The copy on the page is direct and to-the-point, and it creates a narrative that drives urgency to donate immediately. It clearly explains the need for the emergency fund with lines like:
- “Handwashing is the first line of defense against Coronavirus”
- “As the COVID-19 pandemic spreads, millions do not have access to soap and water for handwashing. Help us save lives.”
- “Communities and governments are asking for our help, urgently. To contain the spread of Coronavirus, we must deliver hygiene and handwashing programs around the world, right now.”
These potent calls to action culminate in their impact blocks section. Each impact block clearly explains how far donations will go to support the mission of this emergency fund:
Specificity is important, especially if your nonprofit’s day to day operations cover a lot of different areas. For example, WaterAid is committed to hygiene programs, but they also supply water pumps, showers, sinks, solar panels, water pipes, drinking fountains, and taps in the communities they serve.
Getting specific with the ask in your impact blocks, like WaterAid does here, can go a long way toward uniting all donors behind a common front. In this case, the singular goal to support the emergency hygiene program is broken down further in each of the four blocks which detail, specifically, how a donation will help achieve this goal.
2. Get Emotional
Similar to WaterAid, CoreGiving began an emergency fundraising program to support students left without school lunches, and their families, during the COVID-19 pandemic. Schools have remained closed, children are at risk of missing a meal and some parents are left wondering how they will cover the cost.
This is an inherently emotional situation, and CoreGiving made plays to that emotion with their impact blocks section. They offer eight different donation options, each paired with photos of children that tug at the heartstrings:
Paired with each photo is a creative title, often heroic in nature, that donors can rally behind as they make their donation. That is, while children might be hungry and families may be worried, a donor can feel confident in their own ability to be a leader, knight, guru, or mogul: they can feel confident in their ability to help remedy the situation.
Beyond that, each impact block has a clearly written description of precisely how many meals this donation will cover for students. Also, notice how they start with the highest donation on the left, and decrease as you move further down the blocks. This can help encourage people to donate higher amounts as they respond to the emotional appeal you’re putting in front of them.
3. Get Creative
Bartenders, baristas, servers, and countless others in the hospitality industry took a major hit with regard to job loss during the COVID-19 outbreak. Another Round Another Rally decided that they would help out with a fund that supported these hardworking individuals during a period of unemployment or severely reduced hours. So, they took a traditional crowdfunding campaign page and, with creative use of the impact blocks section, turned it into a virtual tip jar.
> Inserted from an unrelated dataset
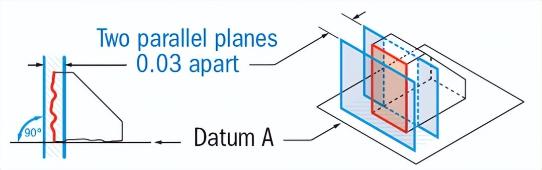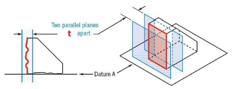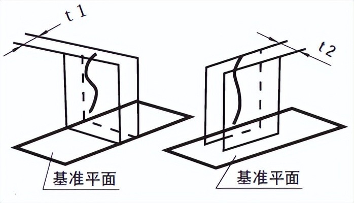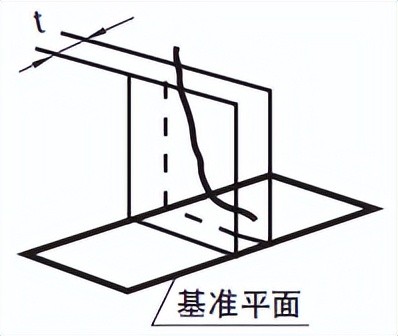 在给定方向上,公差带是距离为公差值t且垂直于基准面的两平行平面之间的区域。

First, they moved the impact blocks section directly underneath the hero image block on the page. Second, they designed each impact block with a special call to action that’s anchor to something unique about the hospitality industry. For example, the $25 “tip” has a call to action to think about the bartenders in your area:
“While you are sipping on cocktails or a glass of wine, calming your nerves, send the bartenders you love a little love.”
Placing your impact blocks at the top of the page also unites the section with your progress bar, which can be key for driving engagement from supporters. Some enjoy coming back to the page over and over to see how far your nonprofit is to completing its goal. They may even donate again if they can see you’re making progress.
4. Get Strategic
Aside from the photos you use, copy you write, and donation amounts you include, you can also physically move the location of the impact blocks on your campaign page. In the examples above, this is a tactic that both CoreGiving and Another Round Another Rally use to place the impact blocks immediately below the hero image.
To accomplish this in Classy, it’s as simple as dragging the impact section in the campaign builder:
This can be used to ensure your impact blocks seamlessly fit with the flow of your campaign page’s narrative, whether they’re strikingly bold at the top or closer to the bottom as a heavy-hitting call to action. Don’t be afraid to get creative and play around with the layout of your impact blocks.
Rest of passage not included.